At the center of the Optima-to-K5 metamorphosis is the latter’s adoption of the Hyundai-Kia conglomerate’s latest N3 platform, which also underpins the similarly fresh 2020 Hyundai Sonata. We had a brief drive of the new K5 last year around Kia’s home market of South Korea. Compared to the outgoing Optima, the new sedan is 2.0 inches longer, 1.0 inch wider, and 0.8 inch lower. Its 112.2-inch wheelbase also is up 1.8 inches, with that growth primarily going to expanding rear-seat space. Even with the K5’s sloping roofline, six-footers can easily sit behind six-footers.

The Optima was always a looker, and the K5 arguably is even more so with its strong character lines, balanced proportions, and intricate detailing. We’ll leave it to you to decide if the K5’s sharper lines, zigzag LED running lights, and “sharkskin-inspired” grille treatment work better than the Sonata’s demurer look, but there’s no denying this Kia pushes style and design further than what’s expected of the segment.

Driving the Change

Things are comparably tame under the K5’s hood, although the GT model will address that when it arrives later this year with a 290-hp turbocharged 2.5-liter inline-four and an eight-speed dual-clutch automatic transmission. The front-wheel-drive GT-Line and EX models that we drove in Michigan featured the standard 1.6-liter turbo-four—180 horsepower and 195 pound-feet of torque—mated to a conventional, smooth-shifting eight-speed automatic. In our testing of a similar 2020 Sonata, this setup was good for a zero-to-60-mph run in 7.3 seconds. That car also returned 36 mpg on our 75-mph highway fuel-economy test, although some competitors such as the Toyota Camry can top 40 mpg in that measure. For the K5, its EPA estimates top out at 29 mpg city, 38 mpg highway, and 32 mpg combined.

The K5 breaks from the front-drive-only Sonata by offering all-wheel drive. That system will be available later this year as an option only on the volume LXS and GT-Line trim levels. The upgrade won’t come cheap, though. Bundled with a host of otherwise optional equipment, all-wheel drive will add $2100 to the price of the LXS and $3700 to the GT-Line.

Kia says the K5 was tuned separately from the Sonata, yet both share a similar characteristics on the road. The K5’s steering is precise but numb in feel, there’s an initial softness to its brake pedal that firms up when you stand on it, and it goes around corners with reassuring competence and stability. The relatively soft suspension returns good overall ride comfort and moderate body roll in corners, but we would like more insulation from the road.
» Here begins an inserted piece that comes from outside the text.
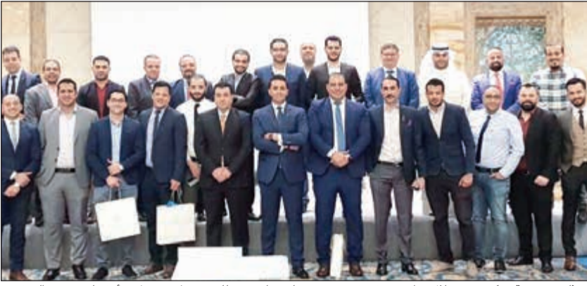
ممثلو مجموعة ريكسوس خلال تواجدهم في فندق «جي دبليو ماريوت» للترويج لمنتج «لاند أوف ليجيندز» الترفيهي

نظمت مجموعة فنادق ريكسوس عرضاً ترويجياً للمنتج الترفيهي «لاند أوف ليجيندز»، الأضخم من نوعه في تركيا، وذلك في فندق جي دبليو ماريوت، حيث تهدف المجموعة العالمية لتعريف العائلات الكويتية بالمنتج الترفيهي الذي يوفر مفهوماً جديداً لمنح الزوار من الخليج وجميع أنحاء العالم فرصة اكتشاف تجربة لا تنسى. وتضم المدينة الترفيهية تصاميم وشخصيات خيالية مصممة على يد فرانكو دراغون المعروف عالمياً في مجال الفن والترفيه. ويشمل منتج «لاند أوف ليجيندز» غرماً وأجنحة فاخرة ملائمة للعائلات مزودة بوسائل الراحة الحديثة وأجهزة الـ «بلاي ستيشن» للأطفال، وبالإضافة إلى ذلك توجد 5 مطاعم وناد صحي عالمي ومركز للياقة البدنية. ويتضمن المنتج الملاهي المائية «أكوا وورلد» التي تضم أكثر من 70 لعبة مائية وجولات سفاري تحت الماء ولقاءات مع الحيوانات البحرية كالدلافين

Both of the cars we drove rolled on 18-inch Pirelli P Zero All-Season tires (16s are standard on lesser trims) that provided reasonable levels of grip. Yet, despite a standard acoustically laminated windshield and increased sound-deadening material, road noise is prominent on most surfaces and the big wheels thwack loudly over bumps and pavement seams.

The K5’s 1.6-liter is content with being worked lightly, doling out its peak torque at just 1500 rpm with a subdued thrum. Sport mode energizes things a touch by prompting the eight-speed to hold on to lower gears longer and pumping slightly more engine noise into the interior through the stereo speakers. It also firms up the steering effort a little, albeit with no change to its tactility. But only the K5’s GT model gets paddle shifters, and the standard transmission will upshift on its own well before the engine’s 6500-rpm redline, even with the shift lever slotted into its manual mode.

Interior Evolution

Kia has significantly upped the Optima’s interior game with excellent fit and finish and a thoughtful sprinkling of not-too-shiny bits. The K5 succeeds in incorporating various styling elements from both Kia’s sportier Stinger hatchback and the Telluride SUV, along with exemplary functionality and ease of use. GT-Line models can be optioned with jazzy red leatherette upholstery with GT-Line logos emblazoned on the front headrests, but we preferred the cooler ambiance of the more luxurious EX model with its greater feature count and its convincing fake-wood detailing. While we would’ve liked to lower the front seats even more in their tracks, the K5’s thrones don’t feel perched as excessively high as the latest Sonata’s.

There are some budget-minded elements to be found, including hard plastics on the door panels, center console, and lower dash. EX models add more soft-touch points and a few niceties that we wish were standard across the range, such as rear climate-control vents. But all K5s come with dual-zone automatic climate control, a crisp (albeit small) 4.2-inch instrument cluster display, and an 8.0-inch center touchscreen. A 10.3-inch touchscreen is optional. Wireless Android Auto and Apple CarPlay connectivity are standard, but strangely, you’ll have to use a power cord to sync with the larger 10.3-inch touchscreen. Kia says it may address that discrepancy with wireless connectivity in a future technical update. Other tech highlights include an optional 12-speaker Bose stereo and wireless device charging.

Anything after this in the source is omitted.